The NVIDIA GPU and the NVIDIA Mellanox NIC are deployed in each node, ensuring that they are on the same NUMA Domain and PCIe Root Complex. For more information on this configuration, please see the Multi-Node Training Deployment Guide.

The figure below illustrates the network topology used for the cluster. As shown, there are two network switches. The Management switch hosts all mgmt and VM traffic and is the infrastructure Top of Rack switch. The gpu-leaf-01 is the high-performance 100G NVIDIA Mellanox Networking switch and provides more throughput between the nodes resulting in performance gains when executing multi-node AI workloads.

referencebuild-01.png

Each VM has dual network connections. One network connection is used for management access via the vSwitch. The second network connection is for the Workload Network via PCI passthrough of the NVIDIA ConnectX-6-Dx. The following graphic illustrates the VM Network Configuration.

referencebuild-02.png

The following table describes the network hardware configuration further:

Network Hardware Configuration

Workload Switch (gpu-leaf01)

ManagementSwitch (mgmt-leaf01)

vSwitch0

Make/Model

NVIDIA MSN3700-CS2F

Generic Vendor

VMware

Switch OS

Cumulus Linux 4.4

N/A

Standard

Port Speed

100G

10G

N/A

Port MTU

9216

1500

1500

Port Mode

Access

Access

ManagementN Network - Access

Port VLAN

111

805

805

Remote Direct Memory Access (RDMA) With Address Translation Services (ATS)

Deep Learning training workflows can benefit from RDMA with ATS for executing high-performance multi-node training. RDMA allows direct memory access from the memory of one computer to the memory of another computer without involving the operating system or CPU. NVIDIA ConnectX network adapters are certified for RDMA on VMware vSphere.

The switch and NICs are configured to support RDMA over Converged Ethernet (RoCE) in this deployment.

Note

Please refer to Reference Architecture appendix for more details.

The following table provides an overview of the ESXi configuration:

ESXi Configuration

Version

7.0 U2 (VMware ESXi, 7.0.2, 17538105)

vGPU Host Driver

13.0

Device Configuration

NVIDIA NICs passthrough, A100s vGPU

ATS

Enabled

ESXi 7.0.2 was installed on each of the 4 nodes within our cluster. The NVIDIA vGPU software was then installed on each of the nodes. Using vCenter, a cluster was created and the 4 nodes were added to the cluster. ATS was enabled on all 4 servers and then a local datastore was created on each of the NVMe drives for each node.

Note

Many data scientists are looking to scale compute resources to reduce the time it takes to complete the training of a neural network and produce results in real-time. Taking a multi-node approach brings scientists closer to achieving a breakthrough as they can more rapidly experiment with different neural networks and algorithms. To maximize the throughput, the workload topology for our cluster took the multi-node for Deep Learning Training workloads, which uses one VM per node, with each VM assigned a full GPU using the A100-40C vGPU profile.

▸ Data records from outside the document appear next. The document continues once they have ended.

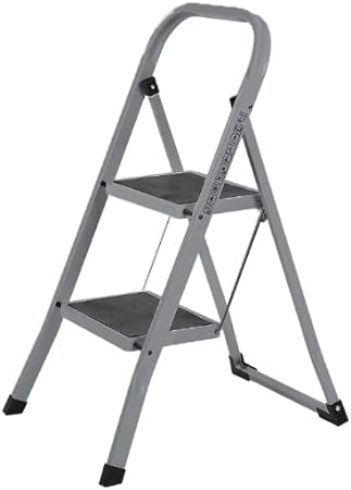 Ladder met 2 stappen, vouwladder, veiligheidslot voor vouwen, gemakkelijk op te slaan, laadvermogen 150 kg, taupe
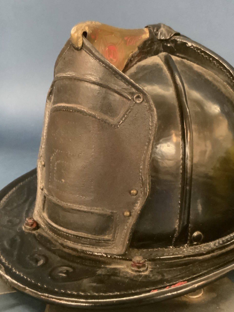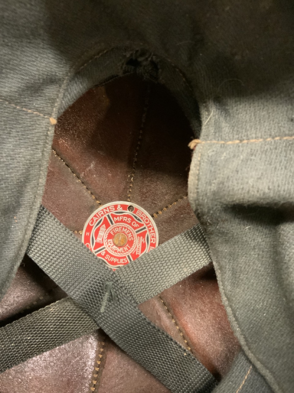 Larchmont Fire Dept. Helmet from 1970's era by Cairns. Front is worn and barely visible.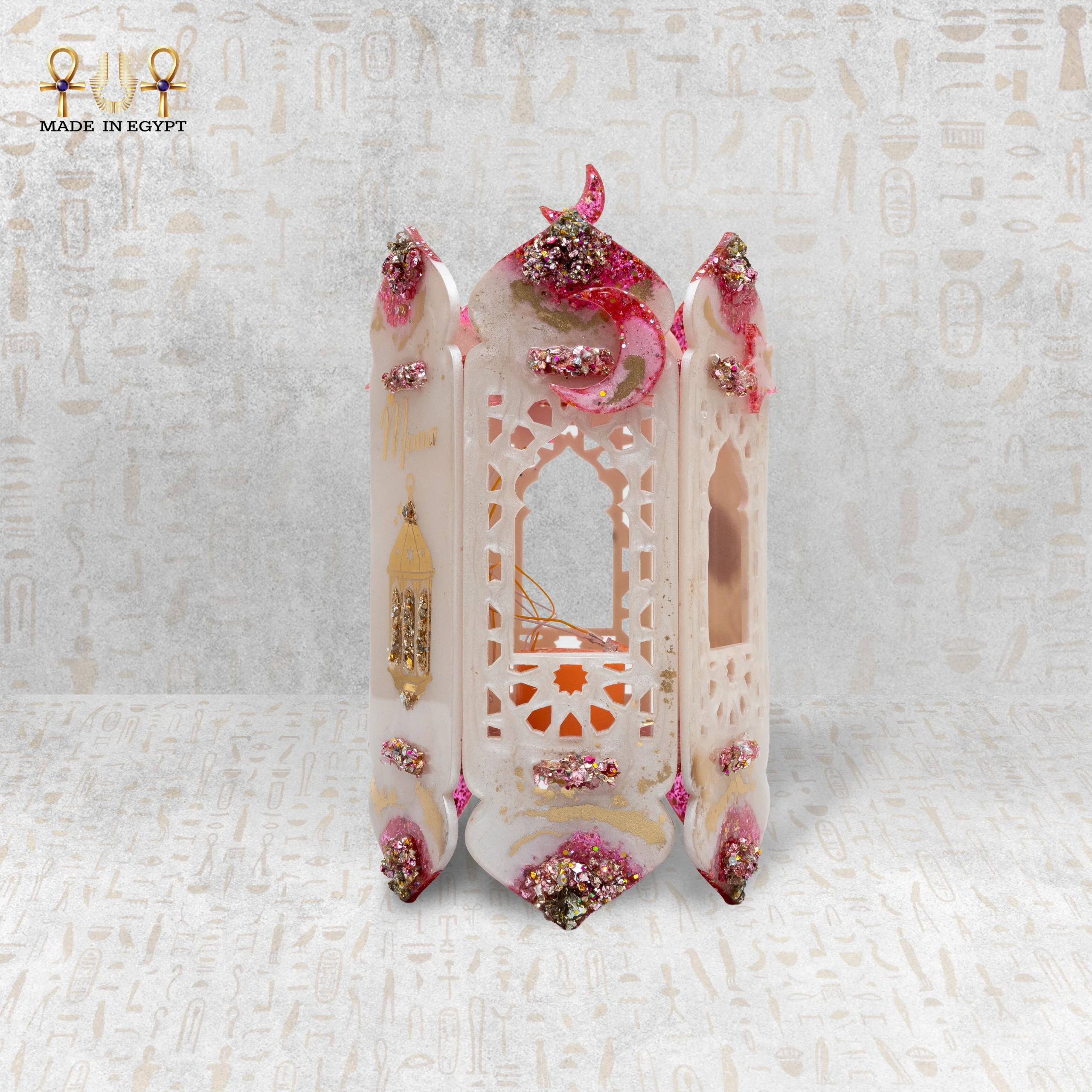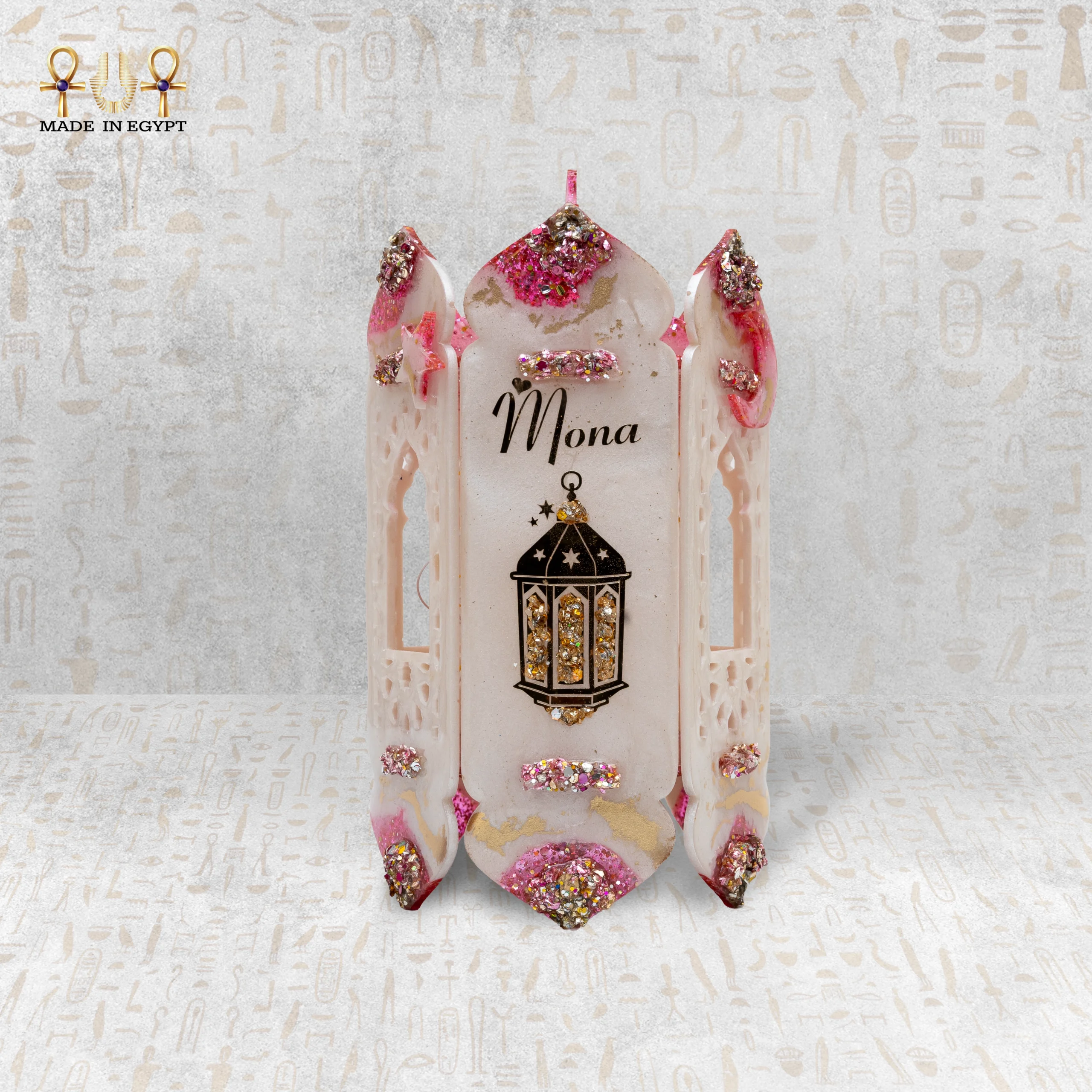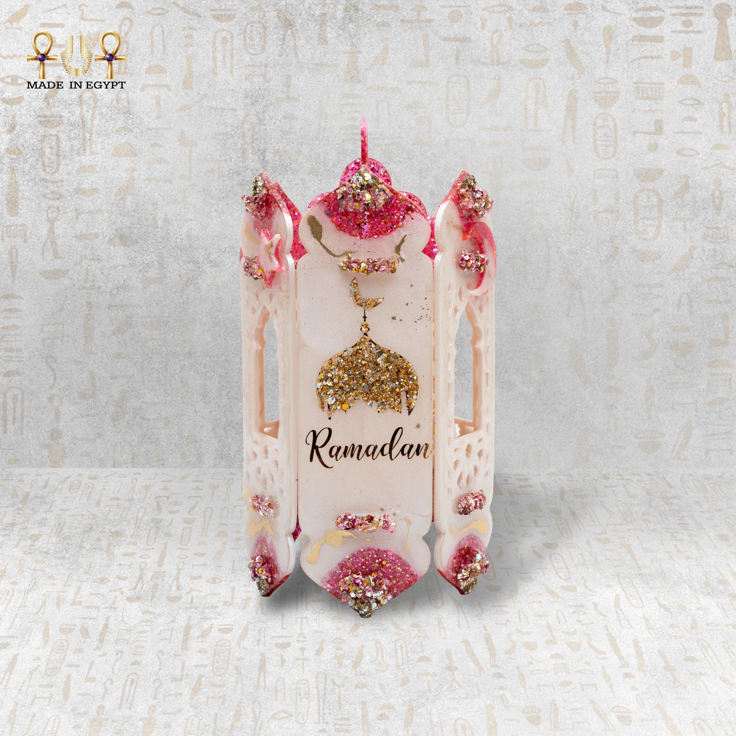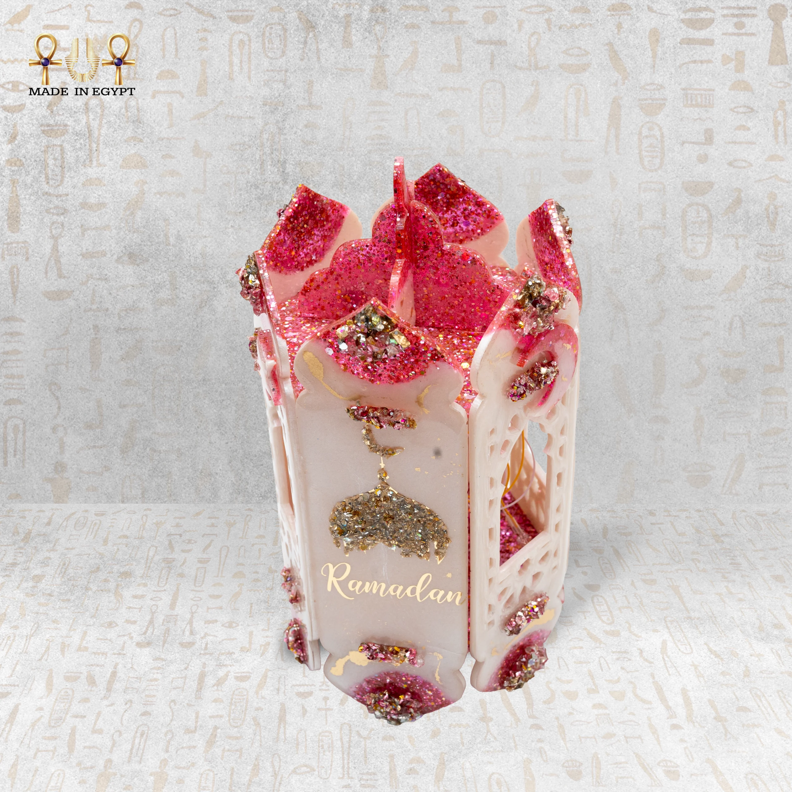 يُعد هذا الفانوس الرمضاني المصنوع من الريزن قطعة فنية تجمع بين الأناقة والروح الشرقية الأصيلة، حيث يتميز بتصميمه الفريد باللون الوردي الناعم مع لمسات ذهبية لامعة تضيف إحساسًا بالفخامة والرقي. تم تزيين الفانوس بتفاصيل دقيقة وعناصر زخرفية مستوحاة من الطابع الرمضاني، مع إمكانية تخصيص الاسم ليصبح قطعة مميزة وفريدة.

Compute workloads can also benefit from using separate GPU partitions. The flexibility of GPU partitioning allows a single GPU to be shared and used by small, medium, and large-sized workloads. To lower the Total Cost of Ownership (TCO) and overall efficiency, we used GPU partitioning for Deep Learning Inferencing workloads. GPUs can be partitioned using either NVIDIA vGPU software temporal partitioning or Multi-Instance GPU (MIG) spatial partitioning. Use cases that require high quality of service with low latency response and error isolation are key workloads for MIG spatial partitioning. With this in mind, we reconfigured the cluster for Deep Learning Inferencing workloads to leverage MIG Mode.

Note

Please refer to the GPU Partitioning Technical Brief to understand the differences between types of GPU partitioning. For more information on how to deploy MIG partitions, please refer to the NVIDIA AI Enterprise Deployment Guide.

Deep Learning Training

In this example, multi-node Deep Learning Training workflows use a high-performance multi-node cluster of VMs. A single VM is deployed on each of the servers in the four node cluster, resulting in 4 VMs in our cluster. The following tables describe the VM configuration and software used for all four VMs.

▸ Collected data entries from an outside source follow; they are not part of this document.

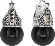Фото «Серебряные серьги шарики Марказит HE1421-oniks-mr с ониксами, марказитами Swarovski»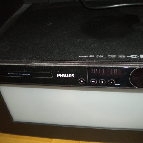 Philips dvd‑spelare i silverfärg. Strömkabel och fjärrkontroll medföljer enligt bild.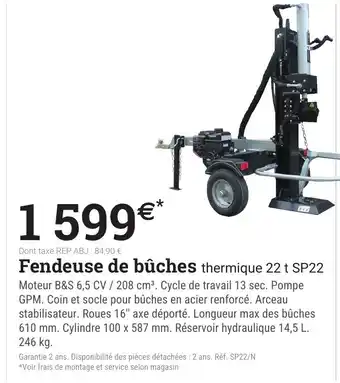 Fendeuse de bûches thermique 22 t SP22 offres et promotions en ligne chez Espace emeraude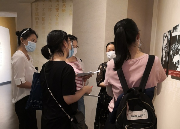 图为课部教师观看陈列展品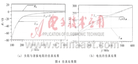 從圖4(a)的仿真結(jié)果可以看出,在200MHz附近,RIN+RL<0,所以滿足起振條件,由于RIN的負(fù)阻比較大,所以提供交流能量的能力比較強(qiáng),故振蕩的幅度會比較大,這一點在后面的仿真和測試中可以得到證實。從圖4(b)可以看出,當(dāng)f為200MHz左右時,XIN+XL=0,從而滿足相位平衡條件,它決定了振蕩的頻率。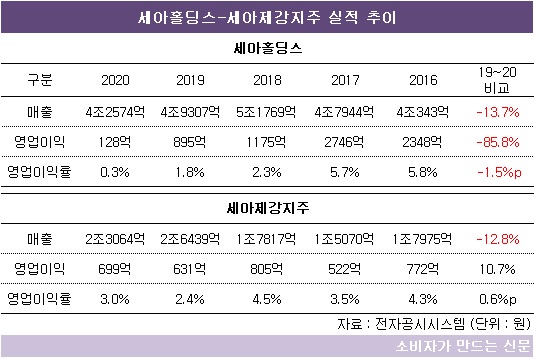 전자공시시스템에 따르면 세아홀딩스는 지난해 매출과 영업이익이 전년에 비해 각각 13.7%, 85.8% 감소했다.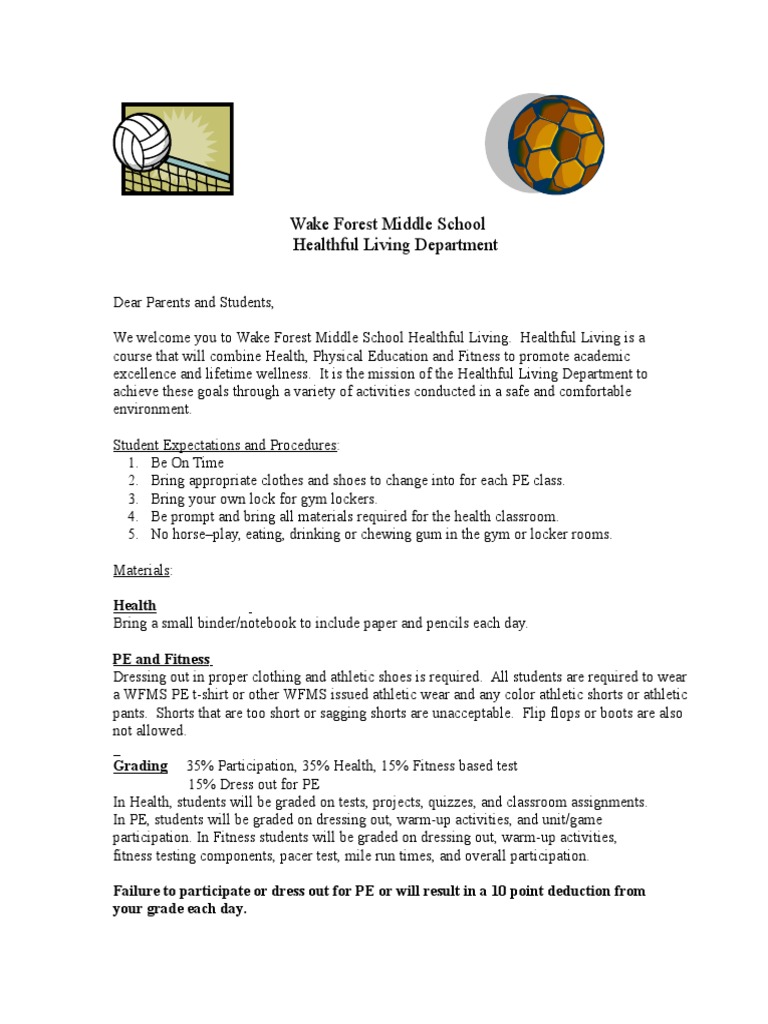We welcome you to Wake Forest Middle School Healthful Living. Healthful Living is a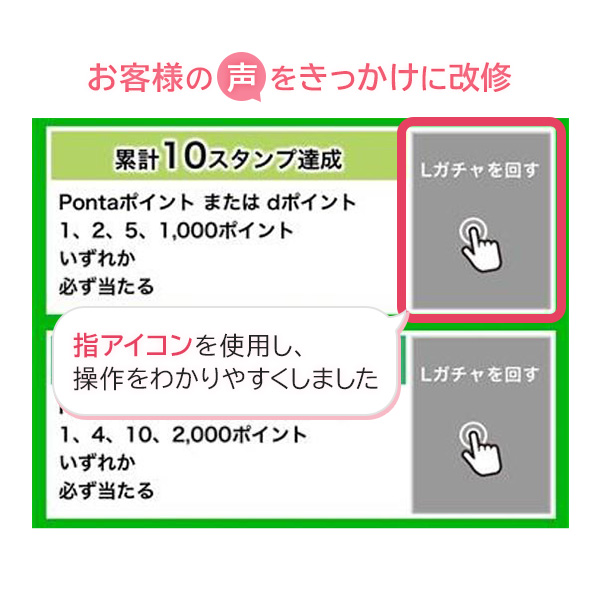 お客様から「アプリでLガチャ」についてどこから回せばよいのか分からないというお声があり、操作を視覚的に分かりやすくするため指のアイコンを使用し画面改修をしました。

VM Configuration for Multi-node Training

vCPUs

16 cores (Multi-Node Training Deployment Guide)

Memory

64 GB

Storage

800 GB thin provisioned virtual disk on local NVMe datastore

GPU Profile

grid_a100-40c

Management Network

VMXNet3 NIC connected to network

Workload Network

1 x NVIDIA® Mellanox® Connect X6 DX PCI Devices

Advanced Configuration

64-bit MMIO

pciPassthru.use64bitMMIO=”TRUE”

MMIO Space

pciPassthru.64bitMMIOSizeGB = “128”

P2P

pciPassthru.allowP2P=true

relaxACS

pciPassthru.RelaxACSforP2P=true

NUMA Affinity

numa.nodeAffinity (Multi-Node Training Deployment Guide)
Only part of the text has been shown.